CNN's Erickson: Faith in Jesus the Lesson of Giffords' Shooting
In the hours after the attempted assassination of Rep. Gabrielle Giffords, the first Jewish Congresswoman from Arizona, the New York Times visited her synagogue. After all, in 2006 Giffords explained, "My Jewish heritage has really instilled in me the importance of education and caring for the community." That must have come as a surprise to CNN regular and Red State web site editor Erick Erickson. As it turns out, Erickson, the same man who called a Supreme Court Justice a "goat f**king child molester" and joked about shooting Census workers, now suggests the lesson of Tucson should be the "saving faith in Jesus Christ."

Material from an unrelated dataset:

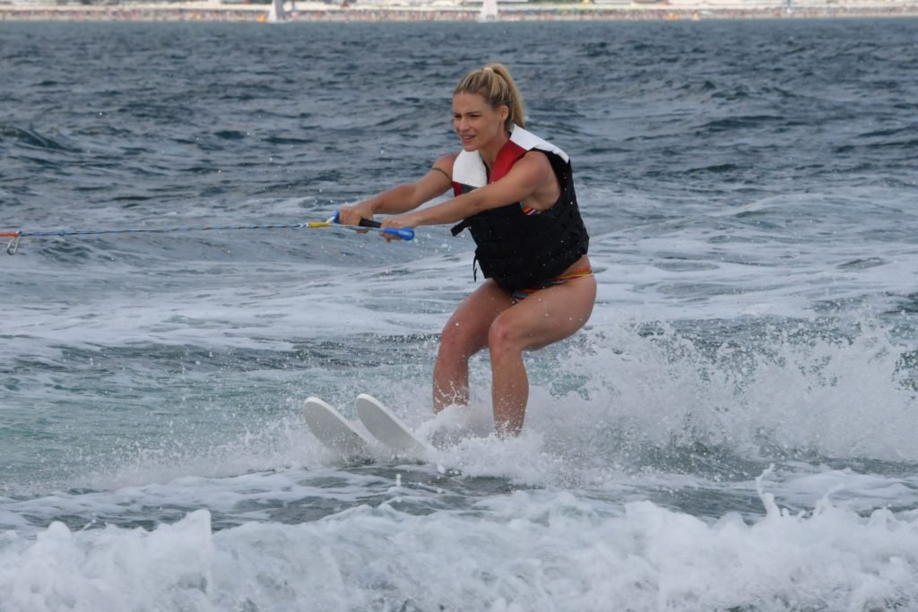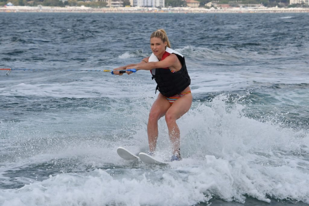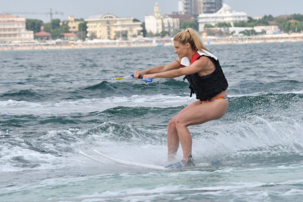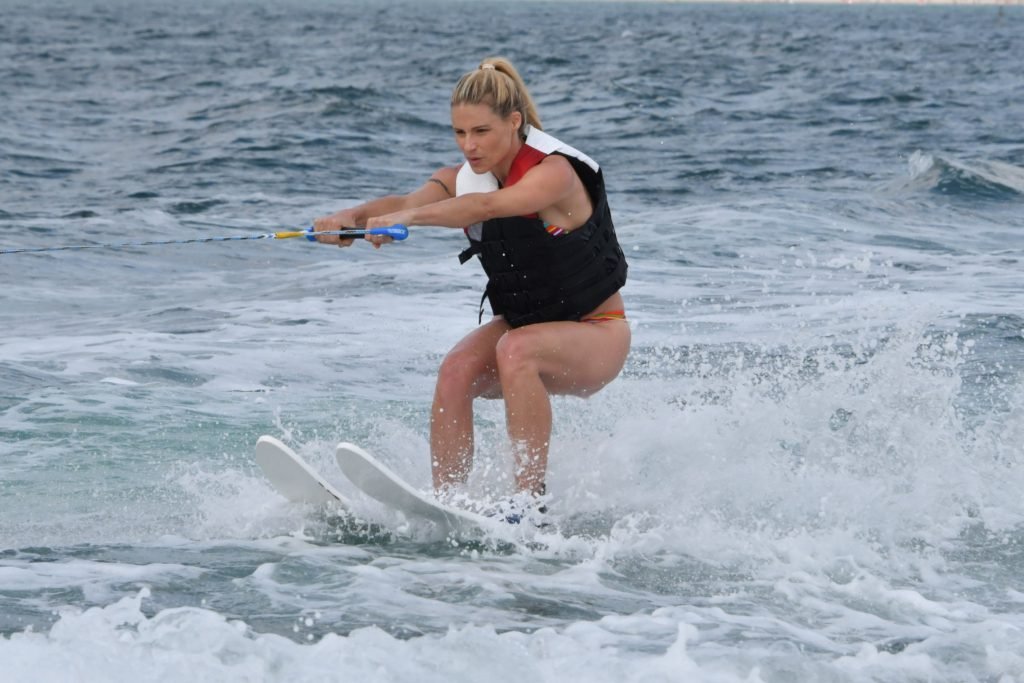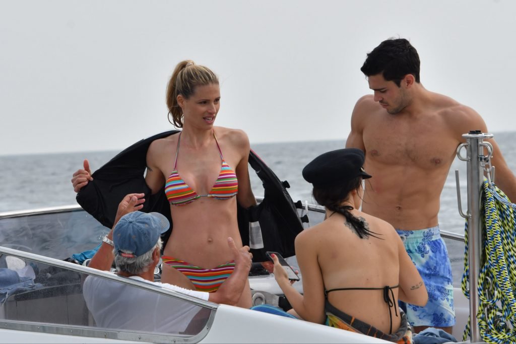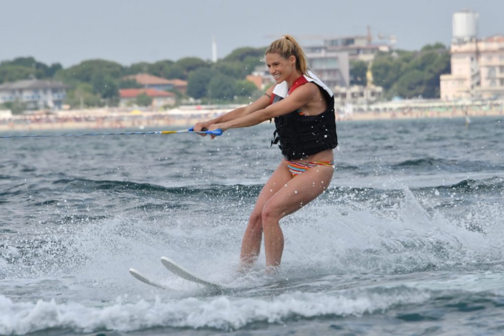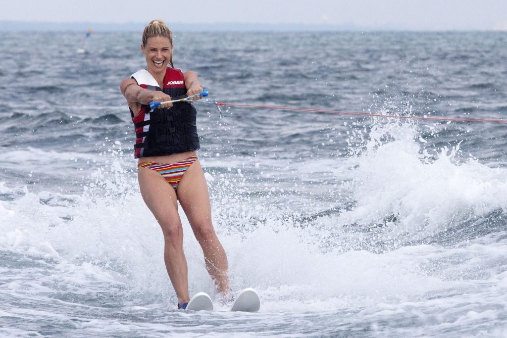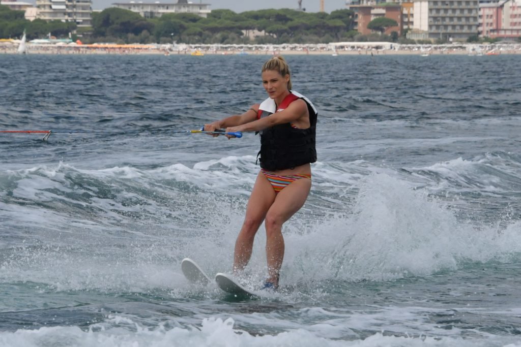 La actriz Michelle Hunziker (41) y su hija Aurora Ramazzotti (21) con su novio Goffredo practicaron esquí acuático en Milano Marittima, 07/06/2018. Michelle llevaba un bikini brillante que mostraba su cuerpo espectacular a los fotógrafos.
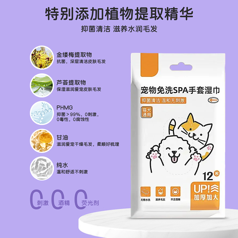 宠物免洗清洁手套猫咪湿巾专用狗狗干洗洗澡神器除臭猫狗通用好品

As Media Matters noted, Erickson's Red State testimony came after declaring "I am tired of talking about the Arizona shooting," apparently because "the left has done its best to try to pin it on the right." After charging that "Barack Obama's advisors are urging him to seize the moment and join the left in blaming the right for this violence," CNN's controversial right-wing flame thrower declared where those praying for the Jewish Giffords should look for answers:
Through it all though, well meaning people on both sides of the ideological and partisan divide are not talking about the one thing that should be talked about -- a saving faith in Jesus Christ.
After acknowledging, "This is not intended to be a sermon," Erickson continued:
The topic of faith in Christ makes people cringe. But whether you believe it or not, here is the reality: beyond us is a world we cannot see with our eyes. It impacts us on a daily basis. It is a world of very real angels and very real demons. It is a world of a very real God and a very real Satan, a very real Heaven and a very real Hell.
The back and forth and accusations and lies surrounding Jared Loughner should be a constant reminder to us that there is more at play in our world than what we see. And, frankly, at times like this I am more and more mindful of the great chasm in this world between the saved and damned.
To his credit, Erickson admits, "I am no saint. And I am no preacher." That's a step forward for the Georgia lawyer and church deacon, given his past slanders and threats.
Slanders directed at, among others, a Justice of the Supreme Court of the United States. With the departure of David Souter from the bench, Erick Erickson took to Twitter, where he could hardly contain his joy:
"The nation loses the only goat f**king child molester to ever serve on the Supreme Court in David Souter's retirement."
After declaring of the Obama administration's health care reform spokesperson, "Linda Douglass is really the Joseph Goebbels of the health care shop," even Erickson admitted to his CNN colleague Howard Kurtz, "I probably shouldn't have said that."
The not-so Christ-like Erickson also told Kurtz that "I've definitely evolved" since smearing Barack and Michelle Obama. As Kurtz recalled for him in March:
The first lady, you wrote the following -- the headline was, "Is Obama shagging hookers behind the media's back?" And you write, "I assume not. I assume that Obama's Marxist harpy wife would go Lorena Bobbit on him should he even think about it."
And before protesting today about "all of the media handwringing over the 'tone' in the country," Erickson was among the leading conservative voices of the conservative movement casually turning to the language of violence. As Politico reported in April:
Erickson -- the founder of the conservative blog RedState -- said on his Macon, Ga.-area radio show Thursday that if a census worker carrying a longer American Community Survey form came by his house, he would "pull out my wife's shotgun and see how that little ACS twerp likes being scared at the door."
Lawmakers in Washington State, too, came in for a rhetorical blast from Erickson for, of all things, regulating the phosphate context of dishwashing detergent:
"I'd be cleaning my gun right about now waiting to protect my property from the coming riots or the government apparatchiks coming to enforce nonsensical legislation."
Back in Tucson, Gabrielle Giffords' Rabbi Stephanie Aaron explained, "In Jewish practice, we have an idea of repairing the world," adding that Giffords "was very active in doing that work and being a pursuer of justice."
Being a pursuer of justice and a repairer of the world - that's a lesson Erick Erickson might want to try to learn.